E’ un vuoto fisico quello che sento, sento la fisicità del vuoto lasciato da mio padre. E’ come se sentissi il suo corpo in forma di vuoto. Non mi consola andare a sfogliare i libri sul corpo, anzi … loro sono qui nella mia libreria, fisicamente presenti con le loro parole fisicamente stampate a parlarmi del corpo attraverso pensieri di autori famosi, mentre mio padre è una forma di assenza fisica.
E le parole di mia madre mi traghettano verso riflessioni ancora più impegnative di quelle sull’anima.

Dell’anima è più o meno normale non sapere, più o meno normale immaginarla in modo totalmente diverso dal corpo, eterea, spirituale, una forma fluttuante, una non-forma, una trasparenza, un suono, un’eco, una diffusione costante di uno stato di pienezza … è normale immaginarla, o negarla e nel negarla comunque immaginare cosa si stia negando …

Ma il corpo.
Il corpo non si immagina.
Cioè, siamo convinti che non si immagina. Il corpo c’è, lo vediamo, il nostro, quello degli altri.
E invece no. Anche in questo caso, vediamo ciò di cui siamo convinti.
Quale corpo vede ognuno di noi?
Come percepisce il proprio corpo ognuno di noi?
Dove comincia il corpo? Dove finisce il corpo?
Mia madre vorrebbe che anche l’anima avesse un corpo, lo vorrebbe per essere rassicurata nel suo dolore; forse di questo era convinta e adesso la mancanza fisica del babbo fa crollare una sua convinzione fondante del suo mondo.

Io ho sempre pensato che il corpo sia la parte più intima che abbiamo, la parte più nascosta, quella che non espongo, quella che tutelo.
Questo è il corpo che mi manca di mio padre. Il più esposto e contemporaneamente il più intimo, il più evidente e contemporaneamente il più nascosto. Quello che non ho mai visto fino in fondo, che non ho conosciuto perché lo vedevo attraverso i miei filtri mentali, quello che ancora aspettavo di conoscere: l’evidenza fisica che invece ci sfugge, che è ‘sotterrata’ dal nostro sguardo, dal nostro tatto.
Mi manca ciò che lui era e che non so, ciò che attraverso il corpo trasmetteva e che io interpretavo invece di amare.
E adesso che lui è ‘sotto la terra’ col suo corpo non più visibile, sento tutta la piccolezza della condizione umana dell’interpretare che ‘sotterra’ ogni attimo ogni evidenza; ricorro con le immagini della memoria al suo corpo vivo, così splendidamente sotto gli occhi di tutti, come ogni corpo di ognuno di noi, e così incredibilmente sconosciuto.
Ne danno notizia la medicina, la comunicazione, la psicologia, l’antropologia, l’educazione fisica … eppure il corpo rimane sconosciuto, la fisicità è inafferrabile, il soggetto è un elemento grammaticale al limite dell’astrazione, il “chi sei” non è salvato da una relazione che esiste solo per giudicare.

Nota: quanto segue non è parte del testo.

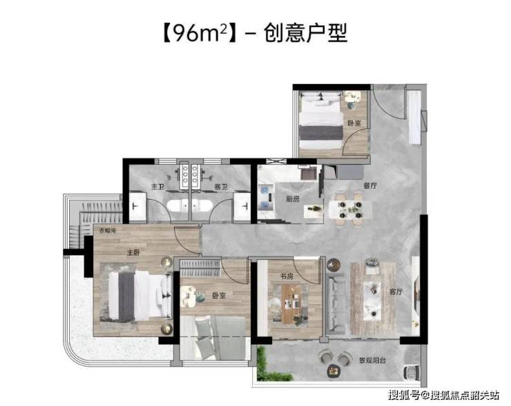 能建·天河麓誉府的户型设计灵动且实用,通过创新的空间设计实现了超100%的超高使用率。例如,约92㎡户型的约5.7米景观阳台、主卧270°弧形观景窗;约100㎡户型的约5.9米多功能宽厅等,都充分考虑了家庭不同生活场景的需求。此外,半山园林与立体景观体系的设计,让业主在家中即可享受静谧与开阔视野。

“Dov’è il babbo?” sembra chiedere mia madre, allargando la sua certezza che il corpo di mio padre riposa il sonno eterno alla speranza che di quel corpo sopravviva la fisicità l’unicità la bellezza in un dove che però sempre più le sfugge, per lasciarla poi incredula nel vuoto di questa realtà in cui viviamo e nel sospetto della vanità di un aldilà che somiglia sempre meno al suo immaginario.

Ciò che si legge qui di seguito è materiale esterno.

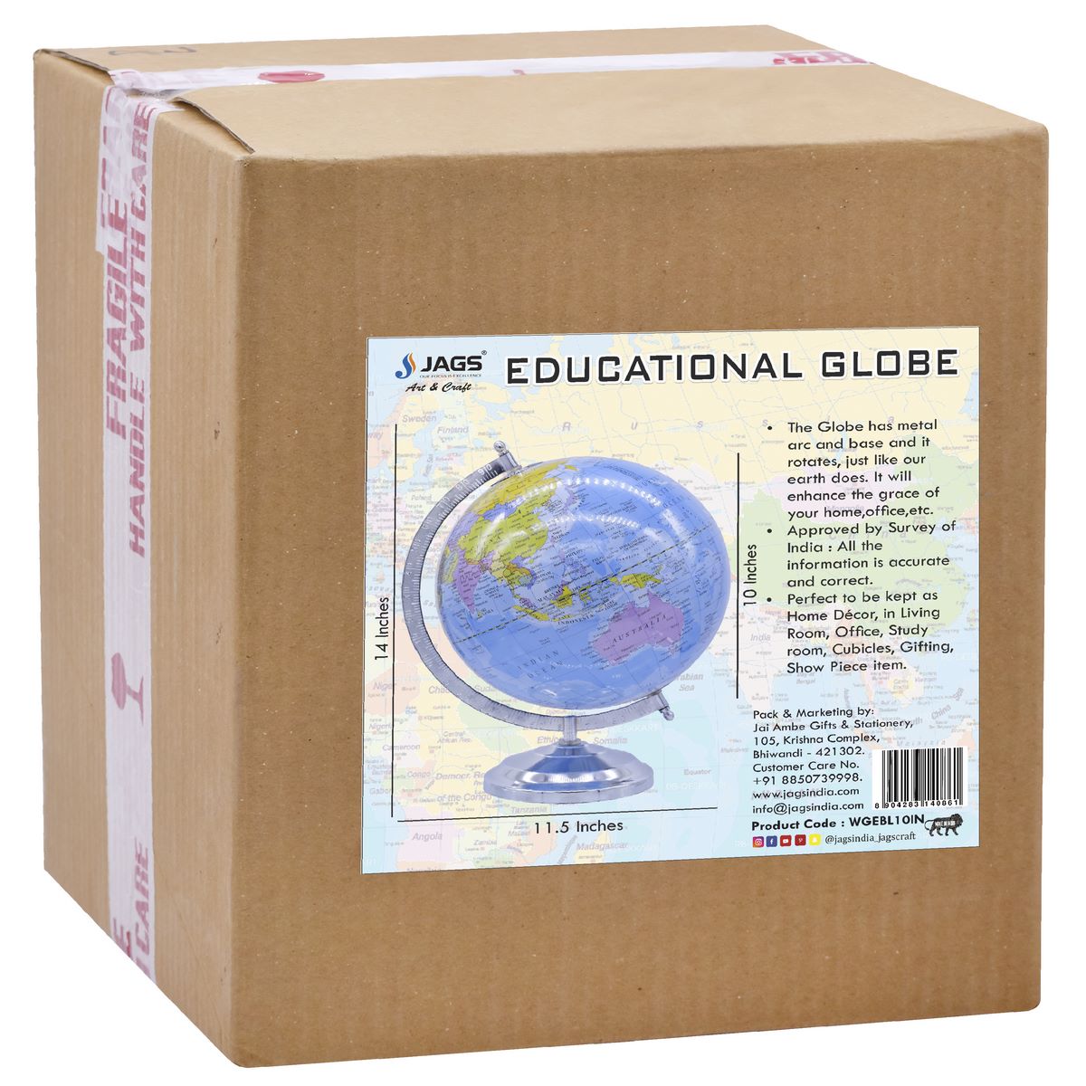 Premium Blue World Globe with Chrome Stand – 10 Inch

‘Dove sei?’ ci chiediamo quando ci manca una persona, non ‘chi sei?’. ‘Dove’ include una fisicità che il ‘chi’ può anche tralasciare; ‘dove’ include anche il concetto, metaforicamente, di ‘a che punto sei con la tua vita?’, ed è anche questo significato che diamo al ‘dove sei?’ di quando ci manca una persona.
La mancanza ci fa spostare in un ambito più ampio di ricerca dell’altro/a, ci fa chiedere di un intero mondo dell’altro/a. Ci rende forse più umili, più pronti a raggiungere l’altro/a, dovunque sia. Raggiungere, cioè superare la distanza, il limite, il giudizio; vedere finalmente.
Rimanere abbagliati da ciò che fino a quel momento non si è visto, sorprendersi dell’evidenza fisica dell’esistenza, di quella evidenza così preziosa e così sconosciuta.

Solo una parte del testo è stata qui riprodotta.